Some functions were created to derive new features from the available columns. The features created were:
 
 - `estado_estabelecimento`: Infers the establishment state from the establishment city using users' cities and states.
 - `is_a_different_city`: Indicate if user city is different from establishment city (might indicate a travel).
 - `is_a_different_state`: Indicate if user state is different from establishment state (might indicate a travel).
 - `is_a_different_country`: Indicate if user country is different from establishment state (might indicate a travel).
 - `weekday`: Extract the weekday from the date (might provide information about the type of transaction).
 - `monthday`: Extract the month day from the date (might provide information about the type of transaction).
 - `month`: Extract the month from the date (might provide information about the type of transaction).
 - `total_relative_value`: Indicate the percentage of the value from the total value.
 - `available_relative_value`: Indicate the percentage of the value from the available value.

In [11]:
(
    df
    .sample(5)
    .pipe(engineer_features)
    .T
)

Unnamed: 0,3744,1098,724,2495,1203
id,"5,38e+11","5,02e+11","5,43e+11","8,14e+11","5,02e+11"
safra_abertura,201905,201901,201807,201705,201901
cidade,santo andre,sao paulo,sao paulo,sao paulo,sao paulo
estado,sp,sp,sp,sp,sp
idade,28,34,32,28,34
sexo,f,f,f,m,f
limite_total,4200,3750,4200,4700,5200
limite_disp,2196,563,4996,3286,199
data,9.10.2019,27.09.2019,23.01.2020,2.07.2019,27.08.2019
valor,39.9,24.5,22.6,4.0,37.8


There are some other potential features that could be used, but would require some additional efforts:
 - Some time window based features:
     - Average value of last transactions.
     - Number of transactions on the last `n` days.
     - Average number of different cities on the last transactions.
 - Demographic information about user and establishment cities.
 - User cluster, considering expenses, age, gender, etc.     

## Conclusions

The main findings were:
 - There are some missing and missplacing values that degrades the dataset quality.
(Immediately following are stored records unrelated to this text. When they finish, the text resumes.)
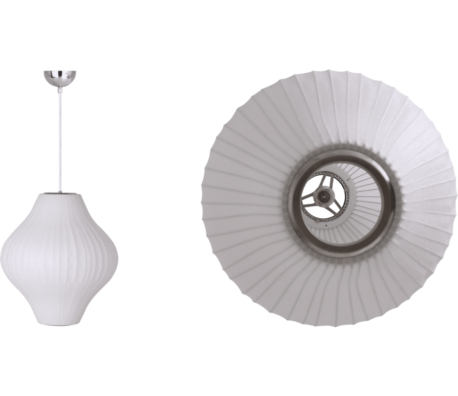 Designed in 1952, the Bubble Style Lamp Pear is styled with a wire cage pattern using a steel wire mesh then a stretched plastic shade is wrapped around the spherical bubble. This is made from special material to ensure it emits subdued light and reduces glare. It will surely add a touch of softness and luminosity to the interiors.
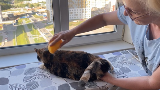 У кошИчки Фросиньки новый приспособ - чесалка с распылителем!
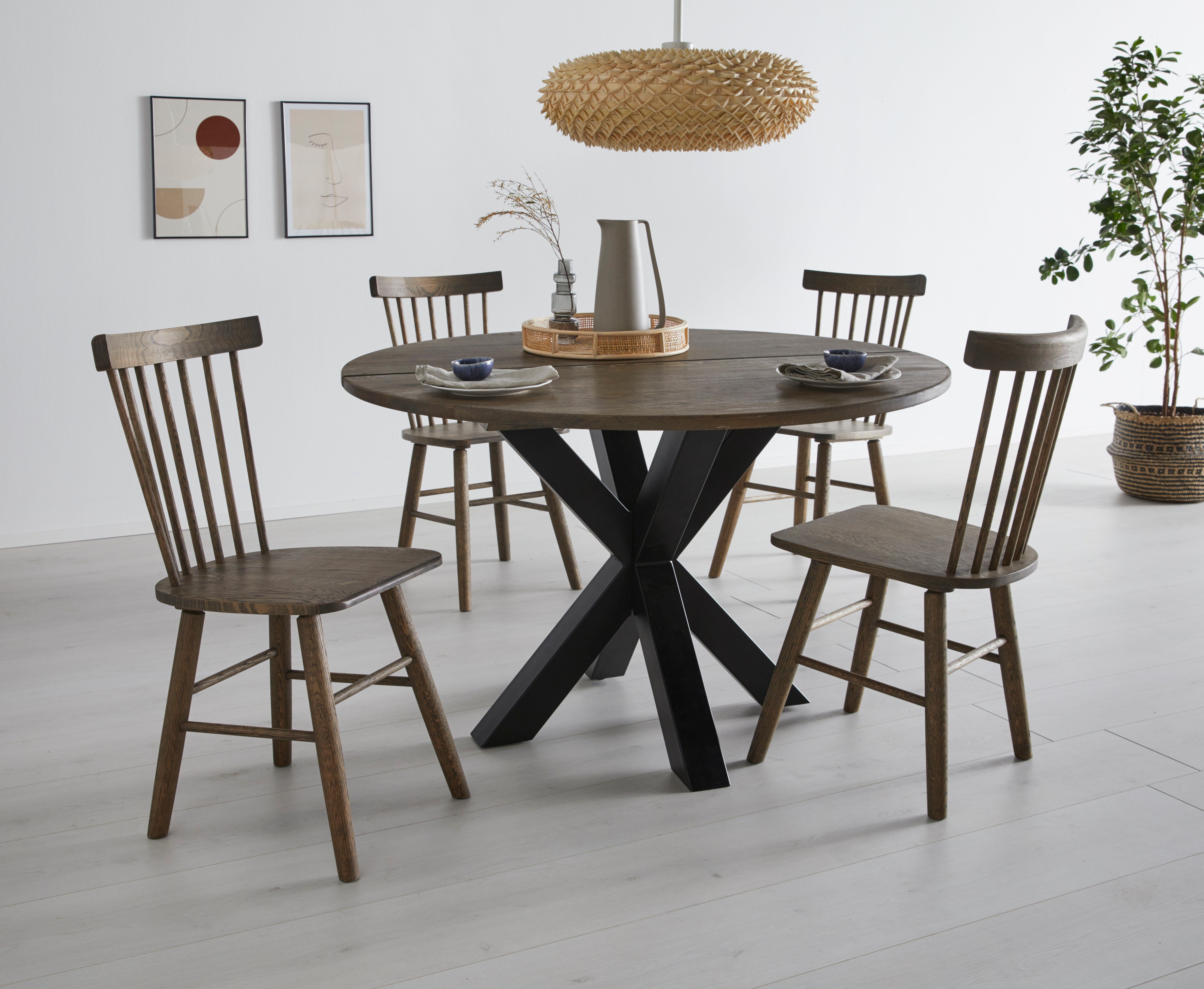 Otto Products Esstisch Lennard Aus Massiver Geolter Wildeiche Mit Veganem Und Zertifizierten Bio Ol Behandelt Runde Tischplatte Mit Sternformigem Metallgestell Bei Otto
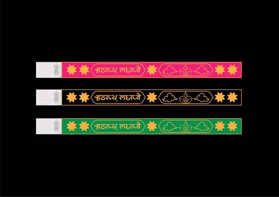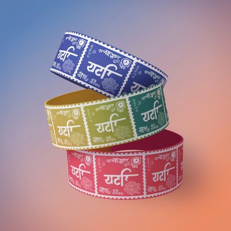 prompt: A 3D render of a festival wrist bracelet used for the Holi festival lying flat on the surface. The design of this bracelet is inspired by Indian postage stamps, and its shape replicates it. The colour palette is various shades of blue, yellow, red, and green. The text font is inspired by Indian lettering.
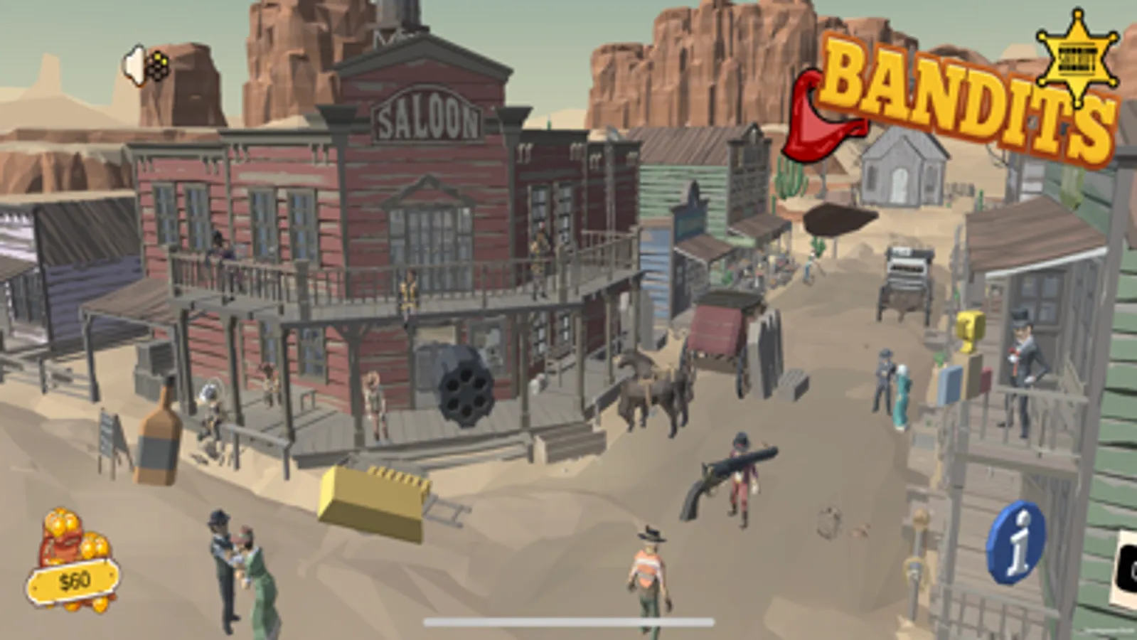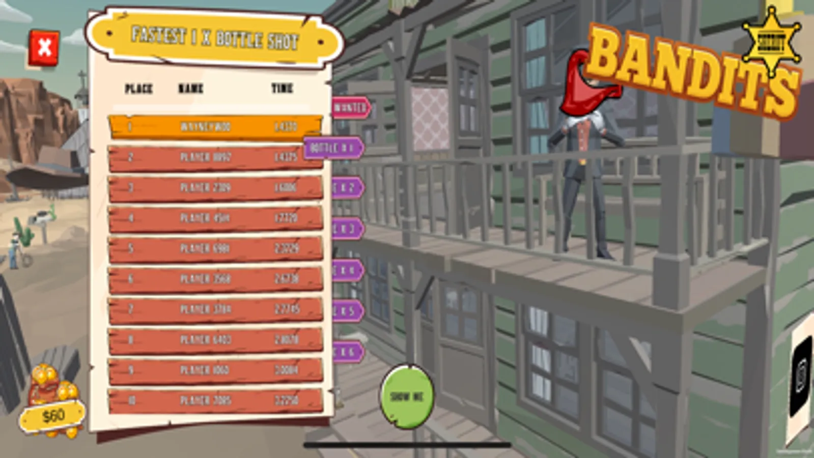 Collect those bounties and become the richest fastest gun in the West. Compete against your friends and see who really is the fastest, hone your reaction times with bottle shooting and progress up the ranks to become the fastest Bandit in the world.
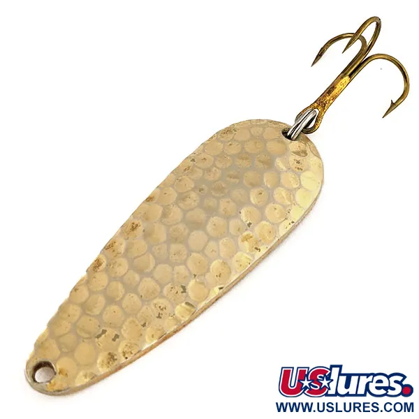Hamrat guld är huvudfinishen på detta vintage skeddrag, vilket ger den en klassisk textur som samlare omedelbart känner igen. Med en vikt på 16g (3/5oz) har det tillräckligt med massa för effektiva kast under olika vattenförhållanden. Baksidan är slät och har namnet "WONDERLURE" stämplat i metallen, ett signum för hantverk från amerikanska Acme. Med produktkod 11310 är detta 5,7cm (2 1/4") långa drag i toppskick, klassat 5/5 för sitt rena, ljusa utseende och brist på synligt slitage. En robust fjäderring förbinder originaltrekroken med den bredare änden av kroppen, medan den motsatta smala änden ger en ren fästpunkt för linan.

The number of issues is not excessive, but I might require some additional treatments when performing production/test predictions.
 - Some additional features were derived based on location, date, limits and values.
 - As the new features were created and there are some quality issues, it might be relevant to perform a feature importance analysis.
 
## Future Activities

Some additional possibilities are:
 - Compute features correlation.
 - Analyze the history of some users to identify new possible features and patterns.
 - Analyze the transaction types along time.